— BRIEF —
Everything from the line containing "Unsere Olivenernte erfolgt" down to the last line below should be set down exactly, and only that, without the pictures.
==== DATA FOR THE TASK ====
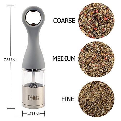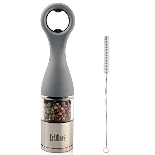 Pepper Mill and Bottle Opener, Salt or Pepper Grinder, Brushed Stainless Steel with Ceramic Grinding Mechanism, Salt and Pepper Shakers with Adjustable Coarseness Setting, Cleaning Brush By Er&Maks
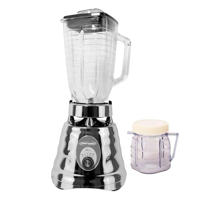 Licuadora de 3 velocidades y 400W equipada con vaso de vidrio para mayor resistencia higiene y mejor conservación de sabores.Su capacidad de 5 tazas 1.25 litros es perfecta para el uso diario en casa.Incorpora cuchilla de acero inoxidable ideal para licuar frutas y preparar bebidas con mayor eficiencia.Además incluye mini vaso accesorio ideal para porciones pequeñas salsas o triturados rápidos.Lo mejor cuenta con el exclusivo sistema ALLMETAL DRIVE metal contra metal diseñado para brindar mayor durabilidad y mejor transmisión de fuerzaMedidas 40cm alto x 20cm ancho.
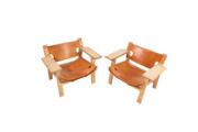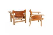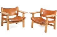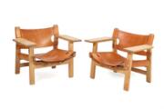 “Den spanske stol”. Et par armstole af massiv eg, sæde og ryg udspændt med patineret cognacfarvet kernelæder. Model 2226. Formgivet 1958. Udført hos Fredericia Stolefabrik. (2)
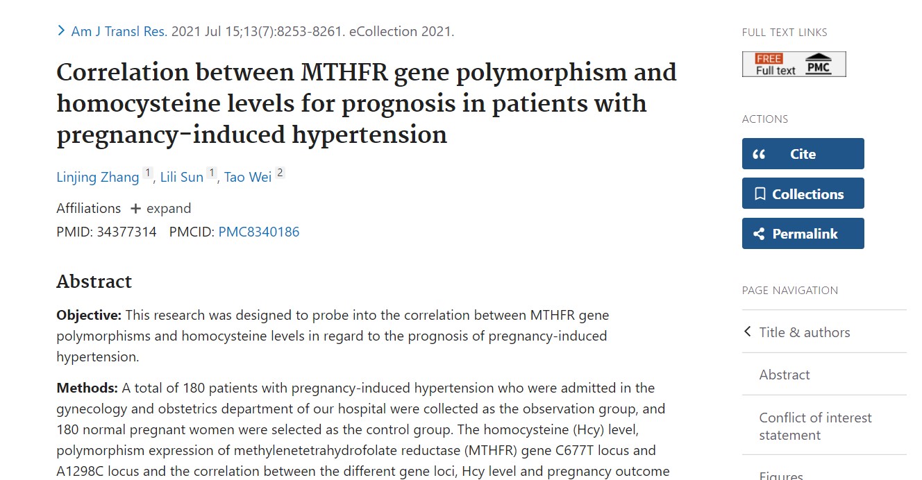 [1] Zhang LJ, Sun LL, Wei T. Кореляція між геном MTHFR поліморфізм і рівень гомоцистеїну для прогнозу у пацієнтів з гіпертензія, спричинена вагітністю. Am J Transl Res. 15 липня 2021; 13 (7): 8253-8261. eCollection 2021. PMID: 34377314; PMCID: PMC8340186.
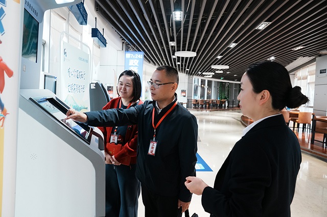 圖為趙江(中)在水城區政務服務大廳了解惠民補助資金發放情況。楊俊淇 攝
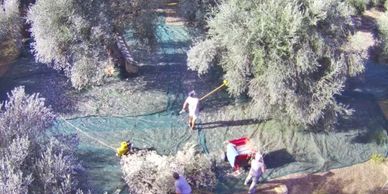 Unsere Olivenernte erfolgt traditionell von Hand mithilfe von Rechen, Kämmen oder Stangen.
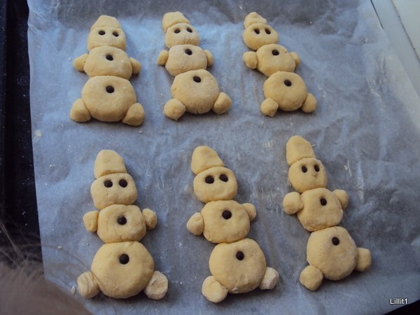 Заметки на полях: если у вас нет шоколадных капель, то его не следует заменять обычным шоколадом, т.к. при выпечке шоколад растечется, лучше глазки и носик нарисовать с помощью растопленного шоколада уже после выпечки печенья и дать застыть шоколаду, чтобы он не размазывался.
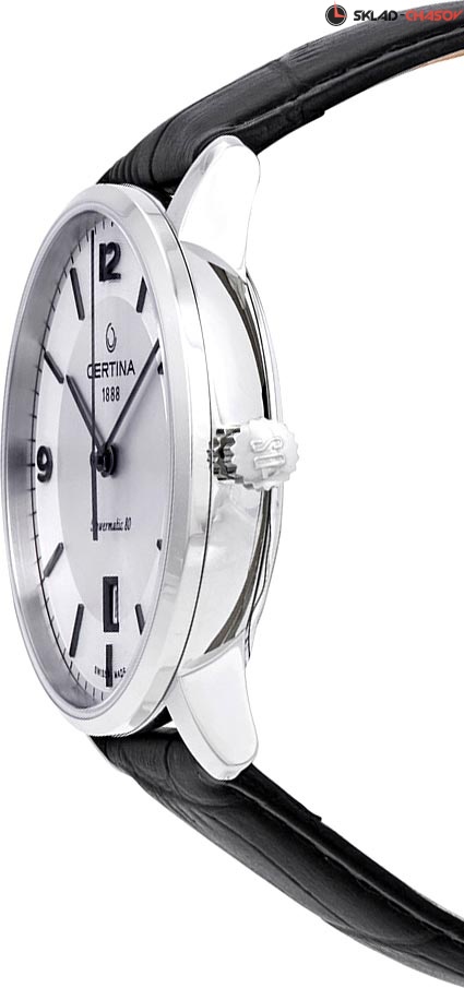 Накладные метки в виде штрихов и арабских цифр. Окошко даты находится в положении 6 часов. Прозрачная задняя крышка. Рифленая заводная головка. Удобный кожаный ремешок с классической застежкой.
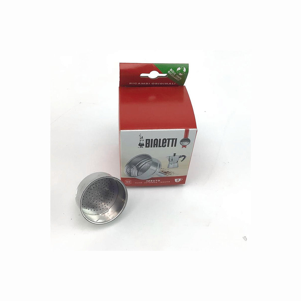 Este embudo es un recambio original para cafetera moka Bialetti, diseñado para preparar café en máquinas de 2 tazas. Se trata de una pieza fundamental que aloja el café molido y permite la correcta filtración durante el proceso de elaboración.
====
— SOLVED PROBLEM —
 Unsere Olivenernte erfolgt traditionell von Hand mithilfe von Rechen, Kämmen oder Stangen.
 Заметки на полях: если у вас нет шоколадных капель, то его не следует заменять обычным шоколадом, т.к. при выпечке шоколад растечется, лучше глазки и носик нарисовать с помощью растопленного шоколада уже после выпечки печенья и дать застыть шоколаду, чтобы он не размазывался.
 Накладные метки в виде штрихов и арабских цифр. Окошко даты находится в положении 6 часов. Прозрачная задняя крышка. Рифленая заводная головка. Удобный кожаный ремешок с классической застежкой.
 Este embudo es un recambio original para cafetera moka Bialetti, diseñado para preparar café en máquinas de 2 tazas. Se trata de una pieza fundamental que aloja el café molido y permite la correcta filtración durante el proceso de elaboración.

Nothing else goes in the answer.